Dan Reed, VP of research and economic development at Iowa, spoke at the monthly luncheon of the Lennox Leadership Development Organization Thursday at Lennox in Marshalltown.

Reed said Iowa's good schools, low cost of living and well-educated workforce make it attractive to economic growth.

Article Photos

T-R PHOTO BY ANDREW POTTER
Dan Reed, vice president of research and economic development at the University of Iowa, spoke at Lennox in Marshalltown Thursday. The luncheon also had a Halloween theme with dozens of decorations.

Reed, a former executive at Microsoft, has been on the job at Iowa for a year. He is traveling the state stressing the importance of partnerships in growing business.

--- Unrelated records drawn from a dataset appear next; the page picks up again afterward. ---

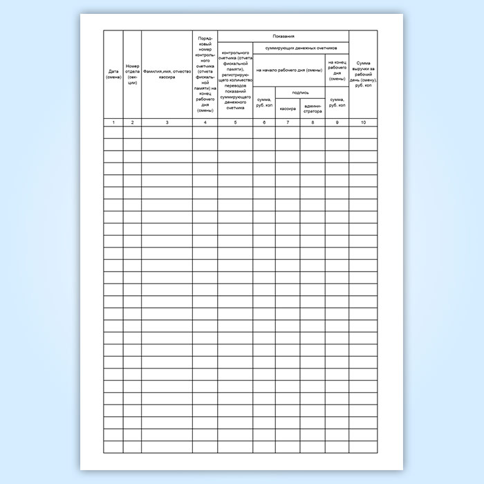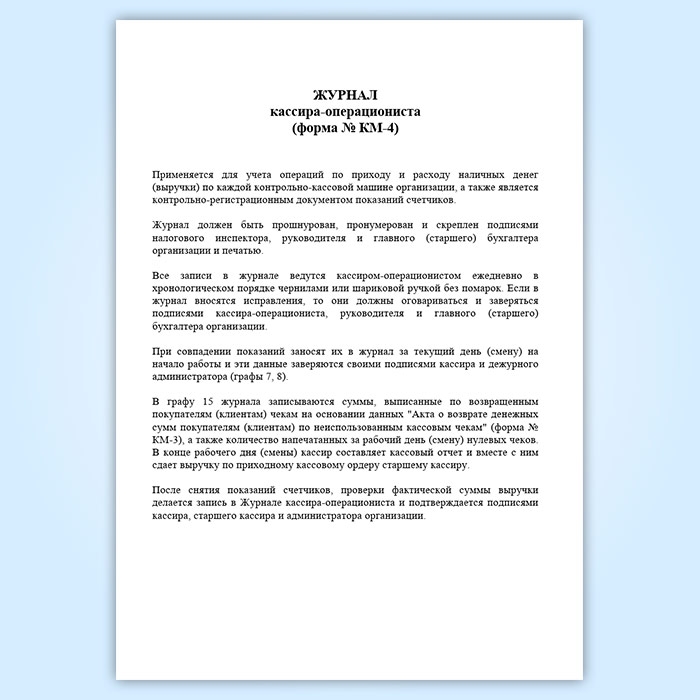 Журнал кассира-операциониста (Форма КМ-4) применяется для учета операций по приходу и расходу наличных денег (выручки) по каждой контрольно-кассовой машине организации, а также является контрольно-регистрационным документом показаний счетчиков.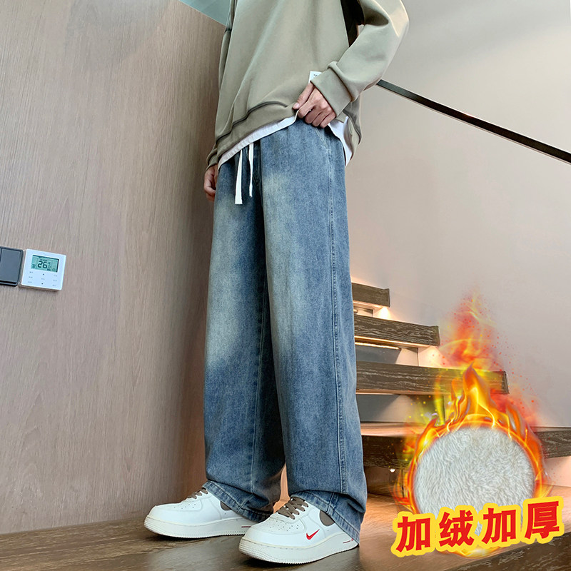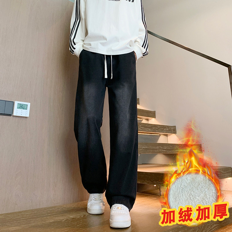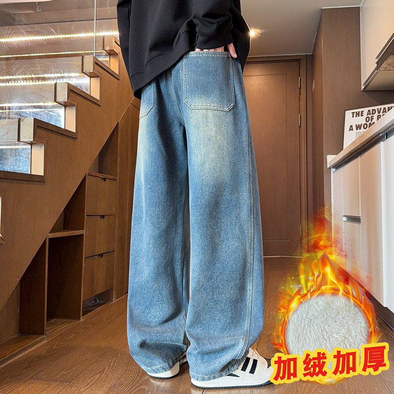 美式高街复古冬季新款青少年牛仔裤直筒阔腿加绒加厚男生保暖长裤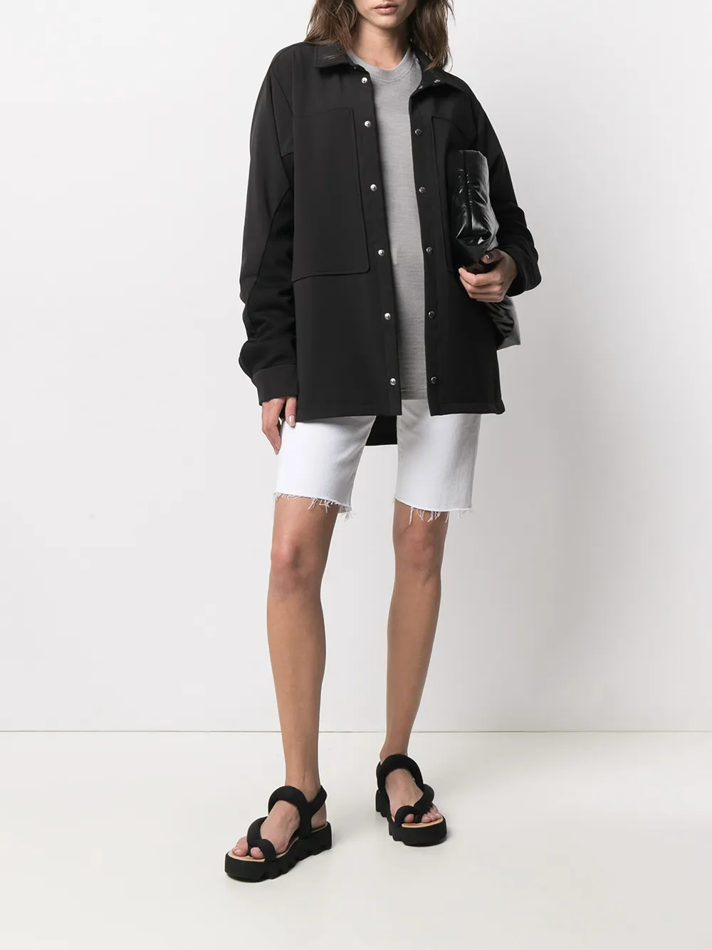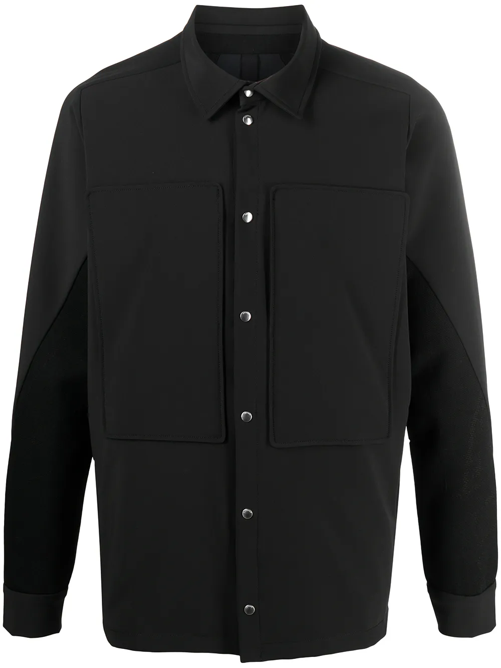 Контрастные вставки, классический воротник, застежка на заклепках, два накладных кармана на груди, рукава с манжетами на пуговицах, два вшитых кармана по бокам, ветронепродуваемая модель и водонепроницаемая модель. Цвет: черный.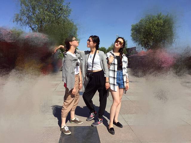 早上一起床FF就开始头痛,拉肚子,喉咙痛看,以为是昨天吃坏了就去诊所开了些药继续我们的旅程。整个上午都是在车上度过的,FF因为头疼一直靠着我的肩睡了一个上午,后来到达张掖市以后实在是受不了了就把他带到当地的一家诊所,量完体温烧到38.3℃,不得不让他呆在诊所挂点滴,然后我们仨姑娘下楼在面点随便吃了点,又帮他叫了碗甜面皮儿。让他在打点滴的同时,我们仨就前往嘉峪关,因为天气太炎热又要照顾FF,我们只在售票处门口拍了一张照片,远远地观望了一下嘉峪关。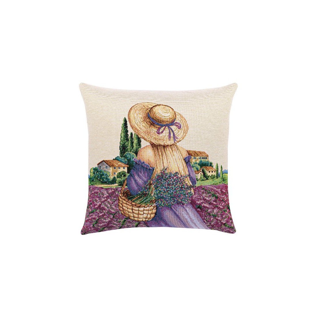 Jacquard cushion cover with a landscape of lavender fields and a girl, highlighting the violet color. VAUCLUSE. Zipper closure. Washable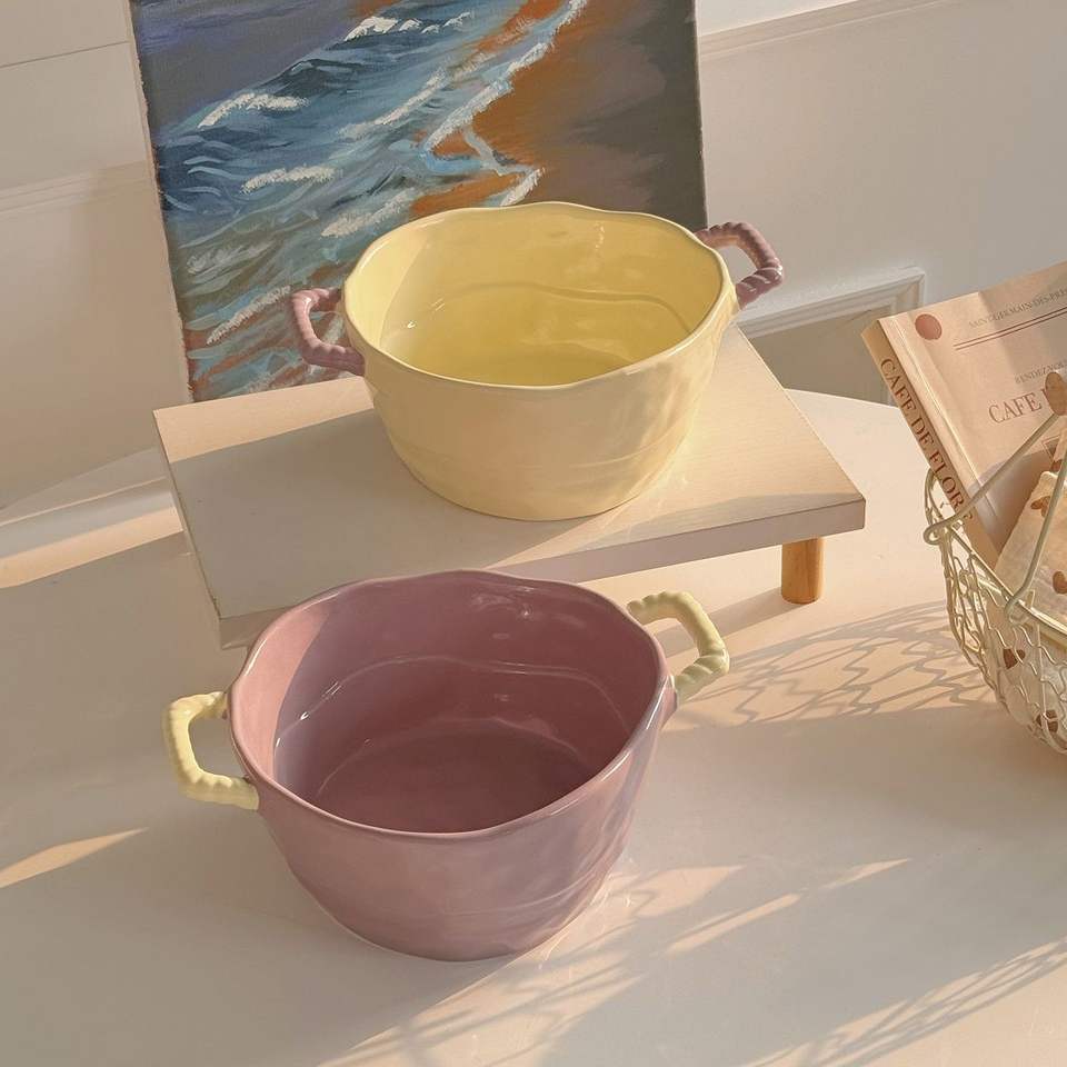 Bol à soupe en céramique à double oreille, style crème, grande capacité, pour usage domestique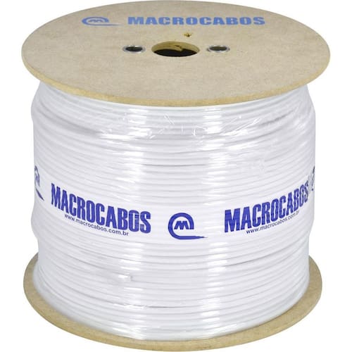 Cabo coaxial rgc-59 67% branco bobina 300 metros Descrição: Cabo coaxial 59 75 ohms; Material condutor aço cobreado; Diam. Mm 0.8; Material isolação pebd + agente expansivo; Diam. Mm 3.7; Blindagem primária fita de poliéster aluminizado; Blindagem secundária alumínio trefilado 64 x 0,16 mm; Percent. Da malha 67%; Diam. Da capa 6.0; Ideal para instalações de câmeras, equipamentos de vídeo, antenas uhf/vhf, catv sistemas de tv a cabo , instalações de circuito fechado de tv; Número homologação anatel: 0395-13-6049;
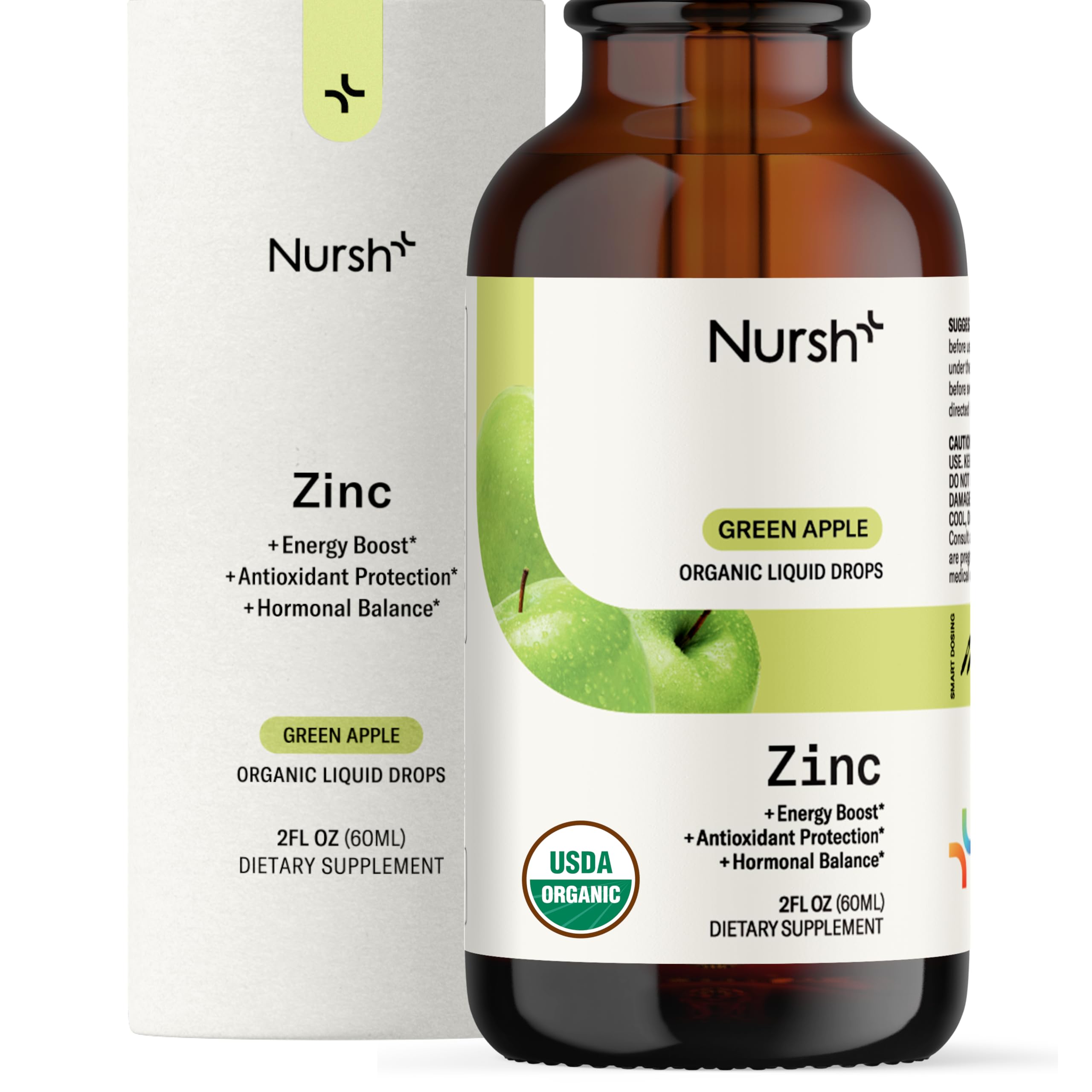 Nursh+ Daily Organic Liquid Zinc Drops Fast-Absorbing Immune Support & Skin Health for Kids & Adults 7mg Per Serving USDA Certified Organic & Vegan 2 fl oz

"Everything I've seen in the last year is encouraging," Reed said.

A key to growth is adapting to change, he said. Those who hold on too long to a successful business model can get left behind.

"If the rules of the game have changed, it's very hard to let go of those old practices," Reed said.

Along with change is the need to be a lifelong learner. Reed said during his dad's generation people would learn a skill in their 20s and use that skill their entire lifetime.

"That's not true any more," Reed said.

He said America has to look for unfair advantages in the global marketplace, because the whole world is competition.

"There's more people in China who speak English than there are citizens in the U.S.," Reed said.

In order to have that growth, Iowa needs to keep its bright young people who often leave the state for better job opportunities.

"The only way I know to address that is create more economic opportunities in the state," Reed said.

Reed spent the morning touring the plant at Lennox and learning about the heating and cooling line.

"I was impressed by the diversity of products and the whole manufacturing operation," Reed said.